# Color experts? Is this colt a buckskin? Grulla? Smokey Black?



## barnbum (May 16, 2009)

If he was a buckskin--wouldn't those legs be getting to be a darker shade? I don't even see a shadow.

He's too dark to be a silver.

Chloe has had one silver buckskin and one regular buckskin before Tucker. Sire is a bay.

He's 15 days here.












No signs of him going gray.

Strong dorsal-yay!


----------



## shelly (May 16, 2009)

:wub Very nice looking colt...he looks grulla to me!!


----------



## barnbum (May 16, 2009)

Shelly--that's what was suggested when his arrival was announced, but I didn't know if that meant grulla buckskin... or is grulla just grulla? See why I need help?


----------



## Lucky-C-Acres-Minis (May 16, 2009)

hmmm wonder if he could be a silver grullo?

He's got the dorsal, ears look black tipped in the one photo.. I found with my silver foals that it took longer for the darker points to come in, and if he is in fact silver they won't be as dark as a regular grullo..

Also read on this site Dun Factor Markings (who are quarter horse breeders who "specialize" in duns) and they mentioned that they have noticed on many of their silver grulla foals have had a bluish tint to their eyes..


----------



## barnbum (May 16, 2009)

His eyes are quite bluish--but more in the sunlight.

Is grulla for fillies and grullo for colts?

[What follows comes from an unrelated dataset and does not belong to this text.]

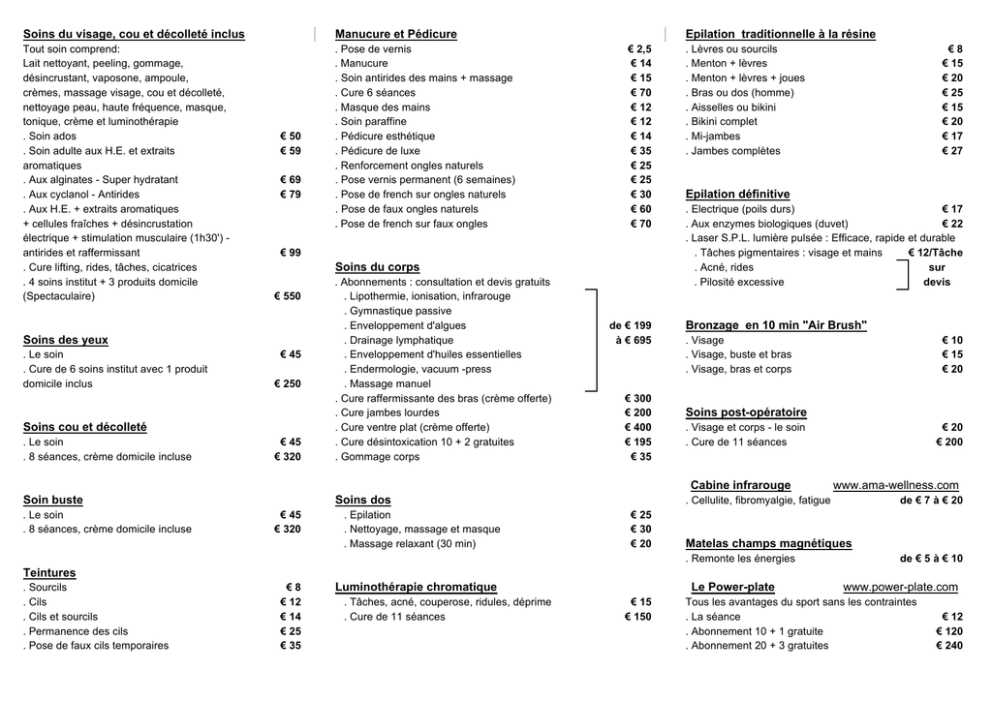 Soins du visage, cou et décolleté inclus Manucure et Pédicure Tout soin comprend: Lait nettoyant, peeling, gommage, désincrustant, vaposone, ampoule, crèmes, massage visage, cou et décolleté, nettoyage peau, haute fréquence, masque, tonique, crème et luminothérapie . Soin ados . Soin adulte aux H.E. et extraits aromatiques . Aux alginates - Super hydratant . Aux cyclanol - Antirides . Aux H.E. + extraits aromatiques + cellules fraîches + désincrustation électrique + stimulation musculaire (1h30') antirides et raffermissant . Cure lifting, rides, tâches, cicatrices . 4 soins institut + 3 produits domicile (Spectaculaire) . Pose de vernis . Manucure . Soin antirides des mains + massage . Cure 6 séances . Masque des mains . Soin paraffine . Pédicure esthétique . Pédicure de luxe . Renforcement ongles naturels . Pose vernis permanent (6 semaines) . Pose de french sur ongles naturels . Pose de faux ongles naturels . Pose de french sur faux ongles € 50 € 59 € 69 € 79 € 99 Soins du corps € 550 Soins des yeux . Le soin . Cure de 6 soins institut avec 1 produit domicile inclus € 45 € 250 Soins cou et décolleté . Le soin . 8 séances, crème domicile incluse Epilation traditionnelle à la résine € 2,5 € 14 € 15 € 70 € 12 € 12 € 14 € 35 € 25 € 25 € 30 € 60 € 70 € 45 € 320 . Abonnements : consultation et devis gratuits . Lipothermie, ionisation, infrarouge . Gymnastique passive . Enveloppement d'algues . Drainage lymphatique . Enveloppement d'huiles essentielles . Endermologie, vacuum -press . Massage manuel . Cure raffermissante des bras (crème offerte) . Cure jambes lourdes . Cure ventre plat (crème offerte) . Cure désintoxication 10 + 2 gratuites . Gommage corps de € 199 à € 695 € 300 € 200 € 400 € 195 € 35 . Lèvres ou sourcils . Menton + lèvres . Menton + lèvres + joues . Bras ou dos (homme) . Aisselles ou bikini . Bikini complet . Mi-jambes . Jambes complètes Epilation définitive . Electrique (poils durs) € 17 . Aux enzymes biologiques (duvet) € 22 . Laser S.P.L. lumière pulsée : Efficace, rapide et durable . Tâches pigmentaires : visage et mains € 12/Tâche . Acné, rides sur . Pilosité excessive devis Bronzage en 10 min "Air Brush" . Visage . Visage, buste et bras . Visage, bras et corps . Le soin . 8 séances, crème domicile incluse Soins dos € 45 € 320 . Epilation . Nettoyage, massage et masque . Massage relaxant (30 min) € 10 € 15 € 20 Soins post-opératoire . Visage et corps - le soin . Cure de 11 séances Cabine infrarouge Soin buste €8 € 15 € 20 € 25 € 15 € 20 € 17 € 27 € 20 € 200 www.ama-wellness.com . Cellulite, fibromyalgie, fatigue € 25 € 30 € 20 de € 7 à € 20 Matelas champs magnétiques . Remonte les énergies de € 5 à € 10 Teintures . Sourcils . Cils . Cils et sourcils . Permanence des cils . Pose de faux cils temporaires €8 € 12 € 14 € 25 € 35 Luminothérapie chromatique . Tâches, acné, couperose, ridules, déprime . Cure de 11 séances Le Power-plate € 15 € 150 www.power-plate.com Tous les avantages du sport sans les contraintes . La séance . Abonnement 10 + 1 gratuite . Abonnement 20 + 3 gratuites € 12 € 120 € 240 Maquillage permanent . Sourcils de € 75 à € 322 . Contour lèvres . Tracé eye-liner (supérieur ou inférieur) . Grain de beauté . Tâches de rousseur . Aréole de seins . Tatoo sur corps (de 2 à 10 ans) Centre de Soins Esthétiques Hommes et Dames € 273 € 175 € 45 de € 25 à € 100 € 150 de € 50 à € 175 Tatoo éphémère . Mendhi (1 semaine) de € 8 à € 13 Maquillage . Essai . Maquillage ampoule comprise Power-plate Cabine infrarouge € 15 € 23 Cours: maquillage et relooking Connaître toutes les astuces des mannequins (1 journée) € 125 Solo System (tunnel infrarouge) Travail en collaboration avec : . Diététicienne . Chirurgiens esthétiques . Chirurgiens vasculaires . Médecin esthétique ''Il faut soigner le corps pour que l'âme s'y plaise" (St. Vincent de Paul) Ginette HOSAY Bio-esthéticienne diplômée Conseillère en chirurgie esthétique 13, Place d'Arles 4800 VERVIERS Membre de l'Union Nationale des Esthéticiennes Belges (UNEB) Tél/Fax : +32 (0) 87 22 72 21 Email : [email protected] Site : www.ginettehosay.be Tél/Fax : +32 (0) 87 22 72 21 A OFFRIR OU A S'OFFRIR Rituel Détente (1h) JOURNEES DE DETENTE . Massage coréen manuel du cuir chevelu ou du visage + cabine Infrarouge . 1/2 jour BEAUTE . Soin visage prestige . Gommage du corps . Manucure . Pédicure . Maquillage personnalisé € 150 . 1/2 jour COCOON . Soin visage prestige . Manucure . Massage relaxant du dos . Séance cabine Infrarouge . Drainage lymphatique des jambes € 160 Chèque CADEAU : Valeur à votre convenance - Valable 3 mois . Massage mains, pieds et tête Calme, détente et intimité Rituel Anti-stress (1h30) Pour une personne, 30 minutes dans la cabine Infrarouge Rituel des extrêmes € 20 (Elimination des métaux lourds du corps) Pour 2 personnes Pour 3 personnes € 35 € 22 € 25 € 40 . Massage relaxant du dos + cataplasme d'algues + cabine Infrarouge € 45 Rituel Détoxination : Le Thalatherm (1h) . Peeling corps . Cataplasme algues . Sauna - Hammam . Ozonothérapie . Aromathérapie . Multi-jets € 50 Nettoie Détoxine Oxygénise Revitalise Détend en profondeur Rituel Energétique (1h30) Soins "Câlins" . Massage des pieds et des mollets . Soin hydratant des mains avec massage et bain paraffine . Réflexologie plantaire . Massage cuir chevelu, visage (30 min) . Massage relaxant du dos aux huiles essentielles (30 min) . Massage dos et cataplasme (1 h) . Massage complet du corps relaxant, lympho-énergétique manuel aux huiles essentielles (1 h) . Soin visage complet personnalisé € 15 € 12 € 20 € 20 € 20 € 30 Excellent contre le stress, la fatigue, la déprime . Thalatherm complet (voir ci-dessus) + massage coréen manuel cuir chevelu ou du visage € 65 . 1

Thanks, Cristina--going to read it now.

Does anyone have photos of grulla/o for me to see? This is a new color for me to grapple with.


----------



## kaykay (May 16, 2009)

He doesnt look grulla at all to me??

I still think he could be buckskin. I know here ours dont get the dark on the lower legs almost until they start shedding the foal coat. We had a bay once that didnt get the black lower legs until he was almost 2 months old. Now if hes a silver buckskin that will dilute the lower legs and they wont be as dark


----------



## ohmt (May 16, 2009)

I'm gonna say smokey black--sorry, but he's not grullo. I've had two colts born about that color...well one was born very creamy buckskin actually-after his first shave his hair grew back and he looked like your guy. now he's pitch black with brown around his muzzle. I can almost guarantee that you're little guy will shed out black but has the creme gene.


----------



## barnbum (May 16, 2009)

Overall, he's darker than Chloe's other two foals--so could the dun part be doing that?

Kay--you are the one who told me you could see the shadow on Blessing to tell she is a buckskin (and how right you were!)



--so I keep looking on Tucker--and I don't see it.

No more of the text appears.